Hello I’m playing with ocamllex. Here’s an ocamllex file
{
type res = ENDOFFILE | OK
}
rule test = parse
['0' - '9']+
{ OK } |
[' ' '\t']+
{ OK } |
_
{OK} |
eof
{ENDOFFILE}
And the main file
let scan inp:string =
let lb = Lexing.from_string inp in
let rec run (s:string) =
match Lex.test lb with
ENDOFFILE -> s ^ "\nend" |
_ -> run (s ^ " \nfound something at " ^ string_of_int (Lexing.lexeme_start lb))
in
run "start\n"
let _ = print_endline (scan "42 24")
I ran ocamllex then I compiled the result with ocamlopt. The code works. I had to specify the module of the “test” function but not the ENDOFFILE value (the ugly name is choosen to be sure it is mine). Is it normal practise or some accident ?

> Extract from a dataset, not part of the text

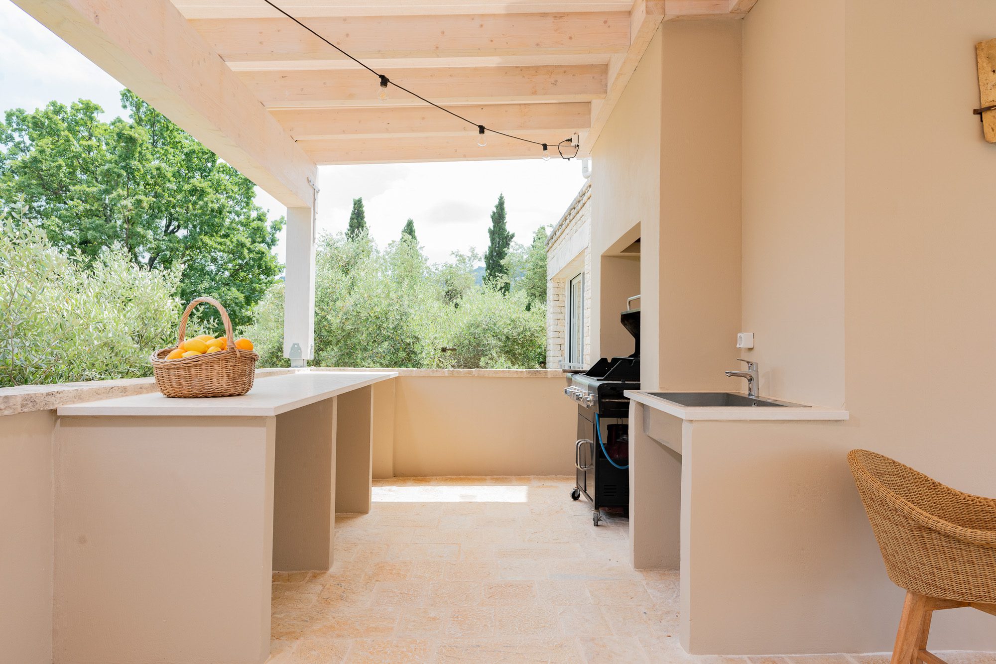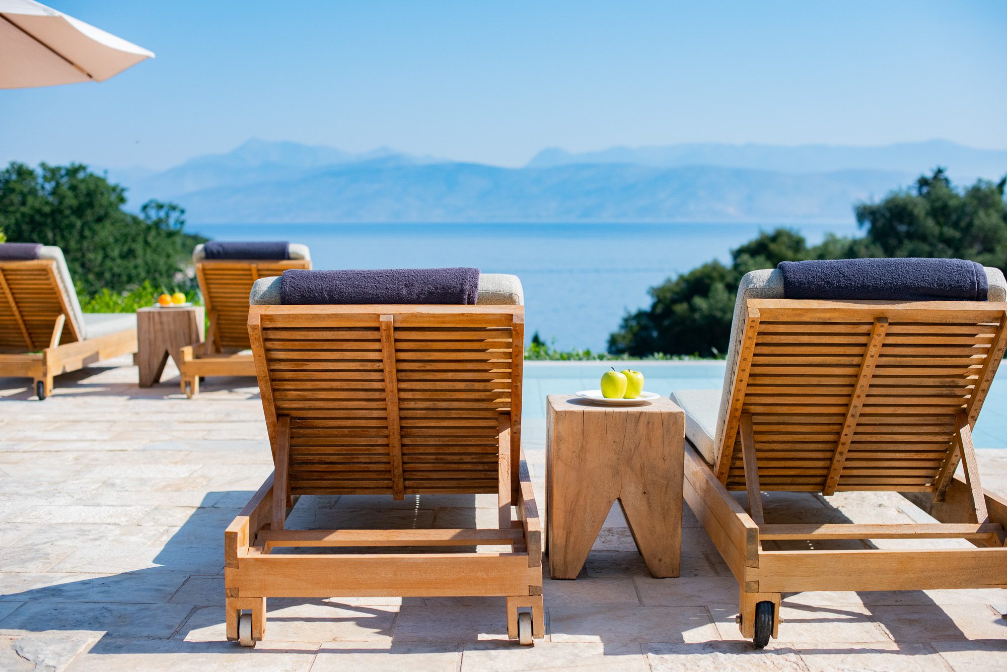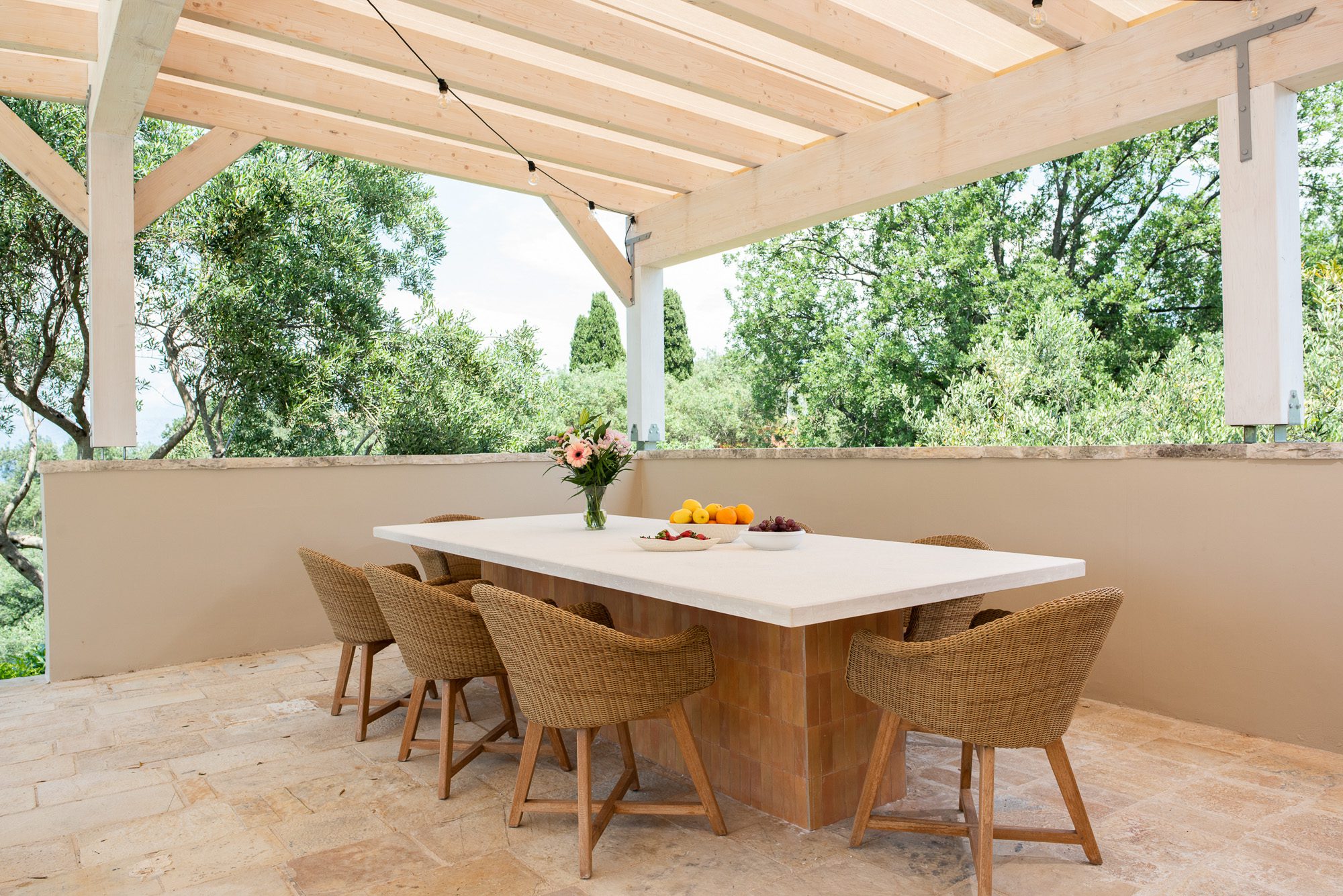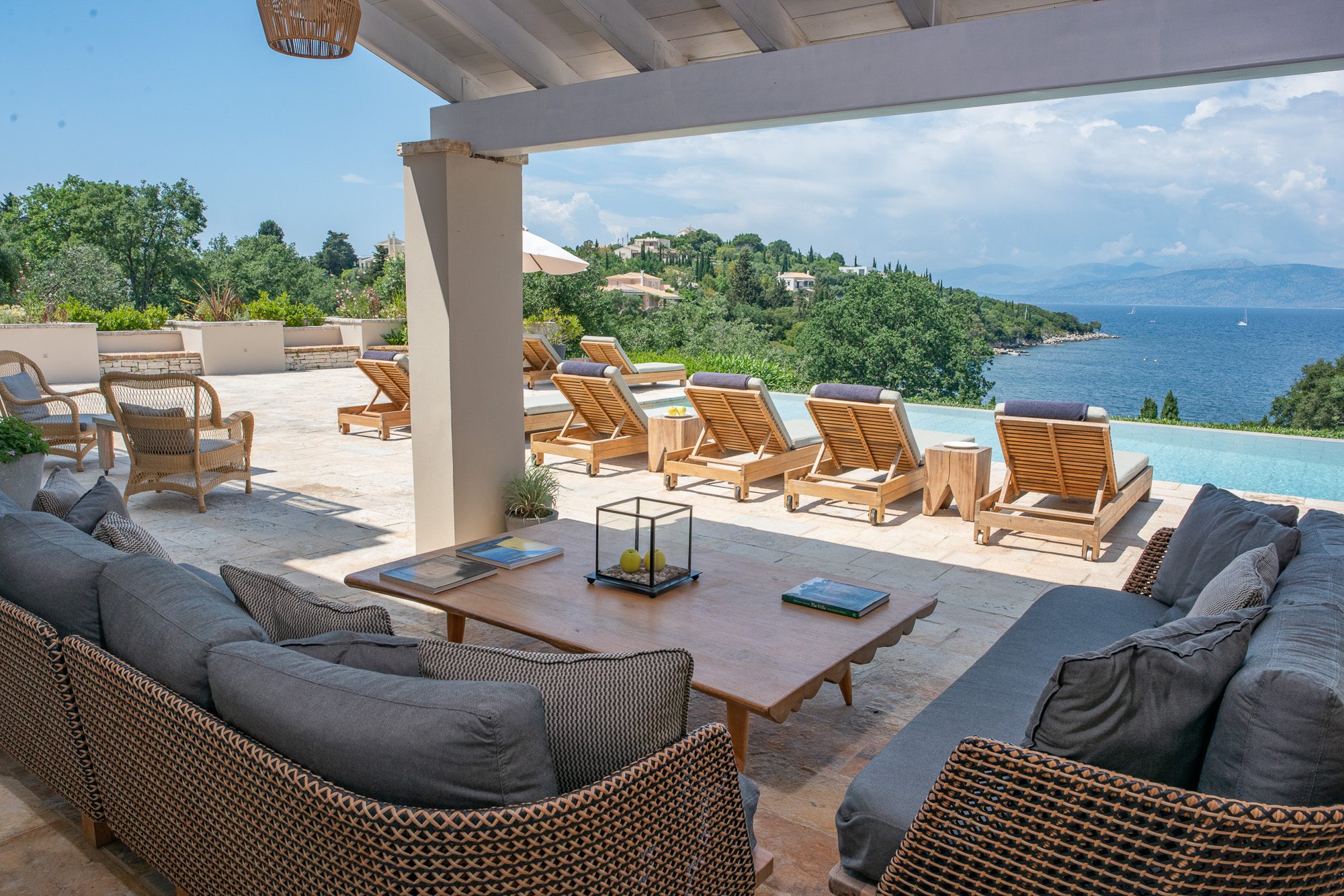 French doors lead from the house to a shaded outdoor dining area and comfortable lounge. The long wooden table comfortably seats 12 here and there's a further table and chairs under a poolside pergola. Around the terrace, there's plenty of space to position the cushioned, wooden sun loungers to relax in the sun or shade, and if you fancy a dip in the sea, you can take the path leading down through the grounds to the little beach and the estate jetty. Zogita is a wonderful place for a memorable Corfu family holiday.

This is called type-directed disambiguation (see OCaml - The core language). In contexts where the compiler has enough type information, it can use that information to look up constructor and record label names in the right scope, even if they are not prefixed with the module path where they are defined.
It is convenient and of rather normal usage, I would say.
Incidentally, I found it surprising that the pattern match is not used to infer the correct type in this example on the linked manual page:
let is_a_or_b x = match x with
| A -> true (* OCaml infers [x: last_variant] *)
| B -> true;;
Error: This variant pattern is expected to have type last_variant
There is no constructor B within type last_variant
Is this more complicated / less well defined to do than using usages of record fields to disambiguate?
type middle_record = { x:int; z:int }
type last_record = { x:int }
let f r = r.x + r.z
cannot infer that r should be middle_record, which surprised me (at least in utop). Naively, one would think that this should be simple to do. But I wouldn’t be surprised to learn that it cannot be made to work in a reasonably general way.